When would be the best time to move my fish, now or in the spring?

Is it possible to put a type of fish other than goldfish into my 10 gallon after I have moved my goldfish out? Would this stress the fish?

What types of freshwater fish are best suited for a 10 gallon (looking for fish that are fairly easy to take care of and are fun to watch, and won't grow out of the tank  )? 

Thanks, if I can think of any more questions I will post them.


----------



## fishboy (Feb 26, 2005)

well i'd add the fish in spring(strangly we're in the exact same situation exept that i'm going to build my new pond). And i wouldn't buy a new goldfish for the 10 gallon but i'd get 10 or 12 white cloud mountian minnows they're small, cool, and easy


----------



## fish_doc (Jan 31, 2005)

Since your pond already has fish it late spring would be best. After the winter when the ice melts it takes awhile for the pond to warm up and get good oxygen levels back into the pond again after the fish have been hibernating. 

As far as the ten gallon. There are many freshwater fish you could put in there. You could go for male guppies if you want color and flash in the tail and no fry. A school of neons or cardnials if you like those kinds of colors but they are hard to keep in some areas. Glowlight tetras are a cool addition to small tanks. or even rummy nose tetras are a unique fish that is easy to keep.


----------



## bpswim90 (Oct 30, 2005)

Thanks for the tips fishboy and fish_doc! I think of all the suggestions, I will go with guppies because they seem to be fairly easy and I like how colorful they are. 

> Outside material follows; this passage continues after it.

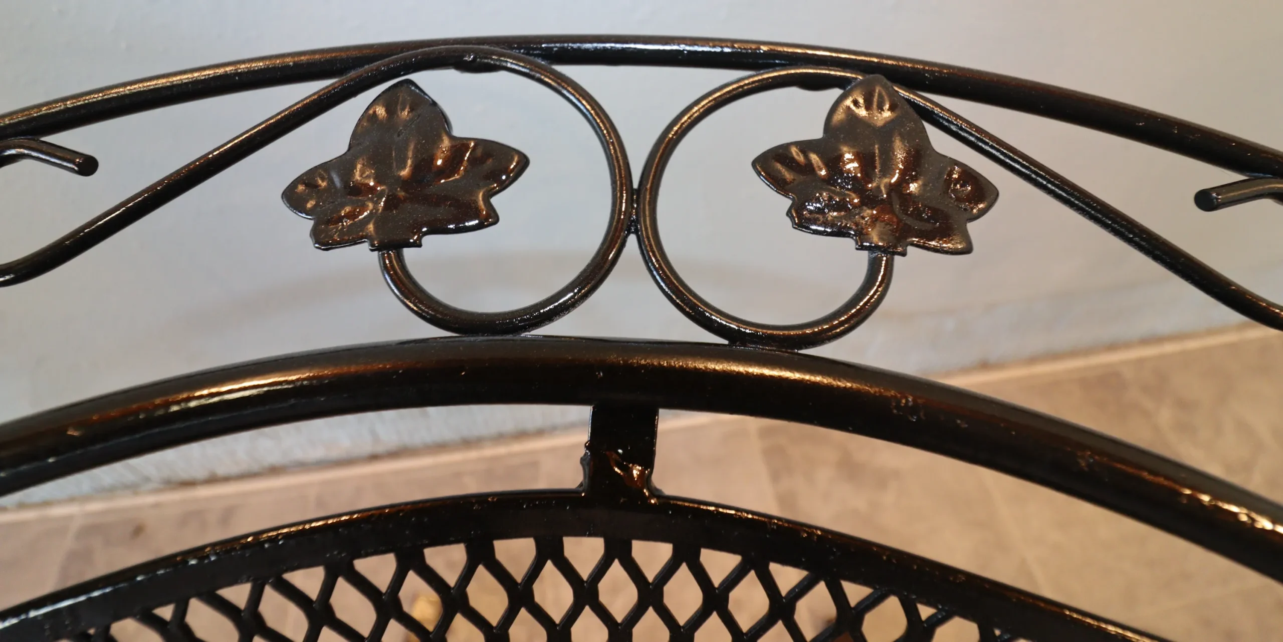 The design falls squarely within Woodard’s mid-century production, where traditional garden ornament meets clean, engineered lines. The ivy motif adds depth without crowding the silhouette; from a distance the chairs read crisp and architectural, while the detailing comes forward up close.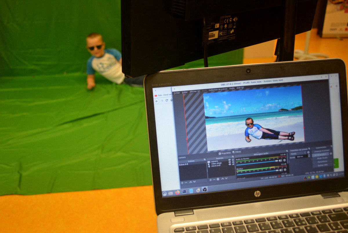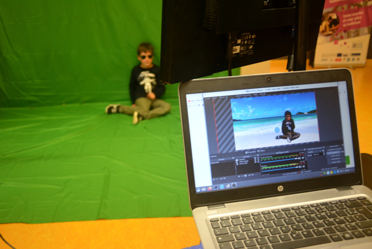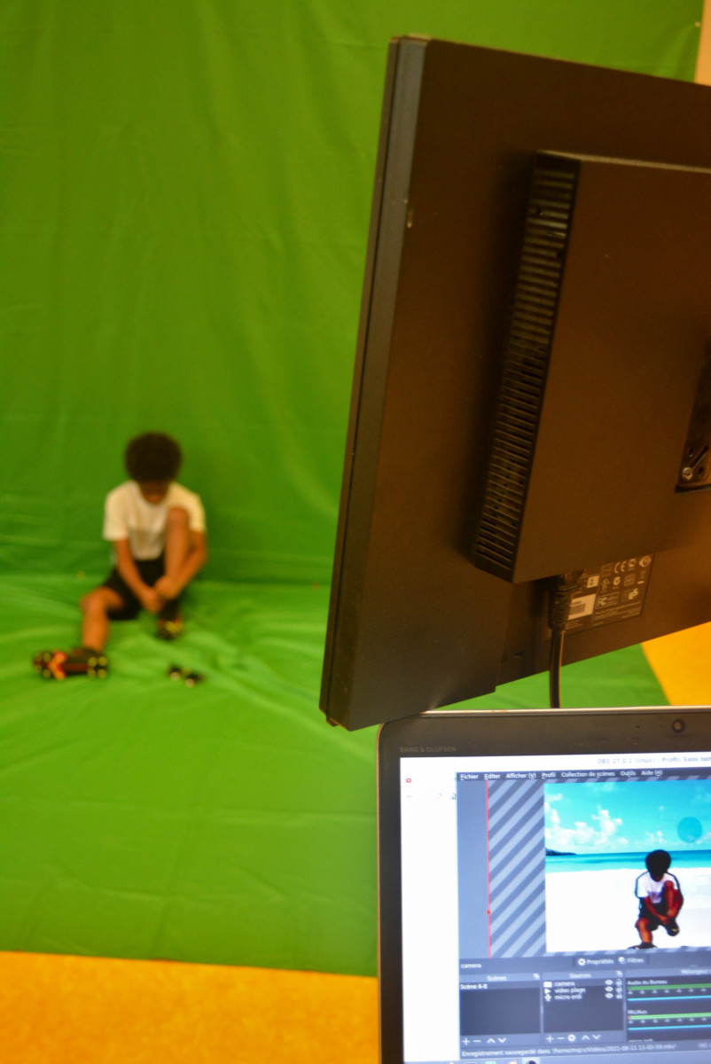 Bon nous sommes d’accord, cette couleur laisse à désirer mais elle nous sera utile pour des réalisations dignes des films de Spielberg (toujours viser grand) ou révélatrice de talents de présentateurs(trices). Voici un nouvel arrivant : le fond vert ! C’est le groupe des 6-8 ans qui a prolongé ses vacances à la mer… depuis la MQCV ! ![]()

How many guppies do you think could live happily in a 10gal?


----------



## fish_doc (Jan 31, 2005)

If you go with just males you could probably get 8 and have them be pretty comfortable. If you get both male and female you could probably get 2 males and 5 females. Then you would be looking at either letting nature take care of the balance of numbers from there or be setting up another tank for babys before long. I just started another fry tank today for my guppies. That makes 5 guppy tanks now. 90 gallons total for guppies. LOL


----------